“Eunuch or slave girl?” George asked.
“Slave
lady,
man. Slave woman, slave
grandma.
It was that old broad, Fatima.”
Mills hadn’t told Bufesqueu about his experience in the harem. He didn’t want to be needled. In
his
place, Bufesqueu would have said, if he’d had
his
opportunities …
“Fatima?” George said. “Wasn’t she surprised to find out that, you know, you still have your balls?”
“The way
I
went at her? I think she was surprised I only have two.”

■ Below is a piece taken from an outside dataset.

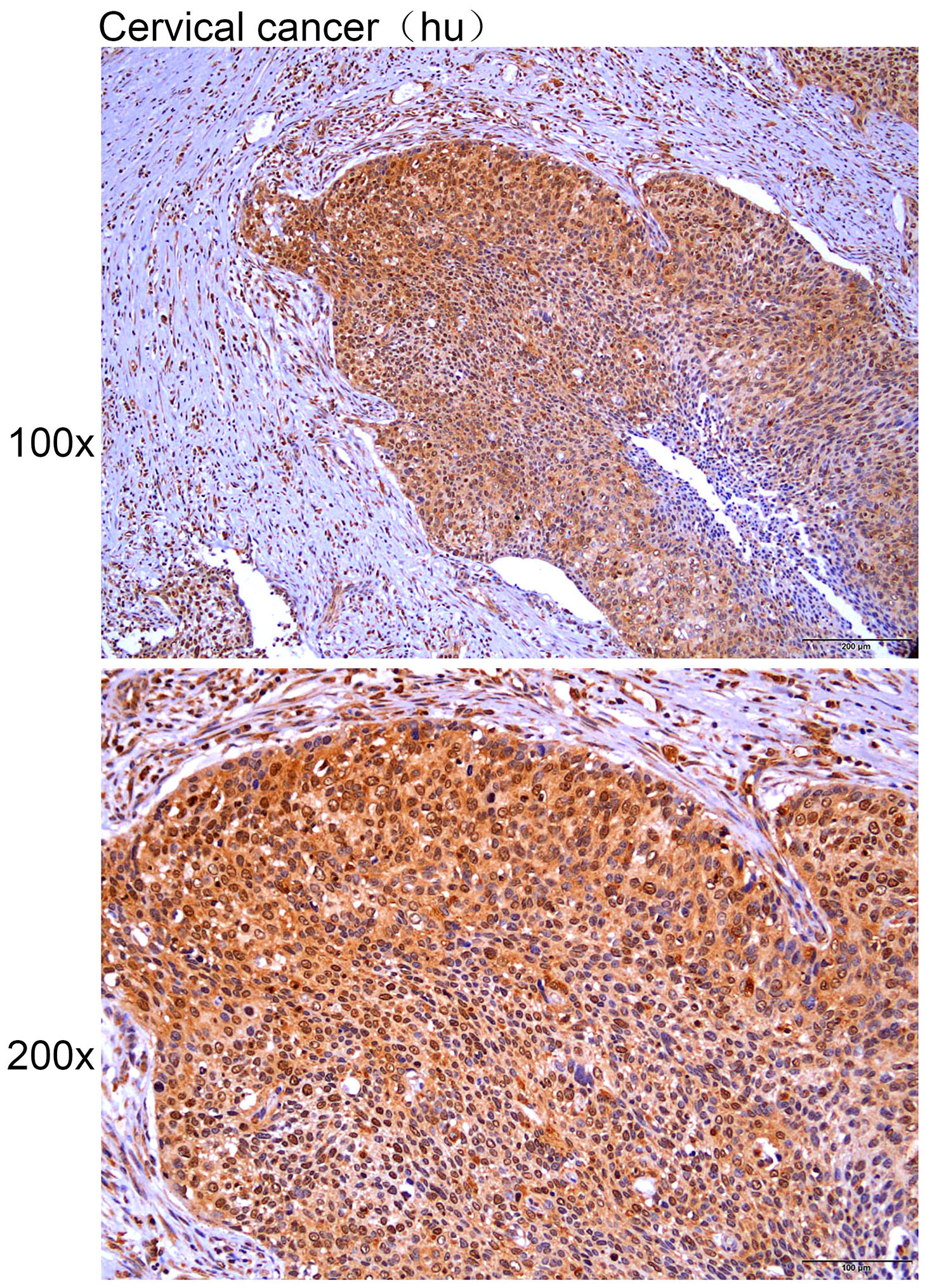 Immunohistochemistry of paraffin-embedded Human cervical cancer with KCTD13 antibody diluted at 1:50

“She didn’t want to show you off?”
“Show me off? Maybe. If the whore could charge money.”
“Hey,” Bufesqueu said a day or two later, “I may have to borrow more of that bribegold.”
Which he was willing to let him have though Bufesqueu could not have said what use Fatima could have made of money.
They lived, all of them, in a closed shop. Only the Chief Eunuch was free to come and go as he pleased. Even the guards at the gate, though Bufesqueu and Mills were so preoccupied at the time neither had noticed, were shackled and attached by long chains to the gates they guarded. A harem girl might leave the grounds of the seraglio but only to go to the Sultan’s bedroom and she had to be escorted there by a eunuch through a passageway that led from the Valide Sultan’s house to Yildiz Palace.
So not only was it a closed shop, it was also a sealed one.
Though they had the run of the grounds now and could go almost anywhere they wished. Mills liked to hang about the extensive stables. With the Chief Eunuch’s permission he was sometimes allowed to exercise the horses and, on occasion, even to hitch them up to the elaborate, exotic vehicles he had only read about until now.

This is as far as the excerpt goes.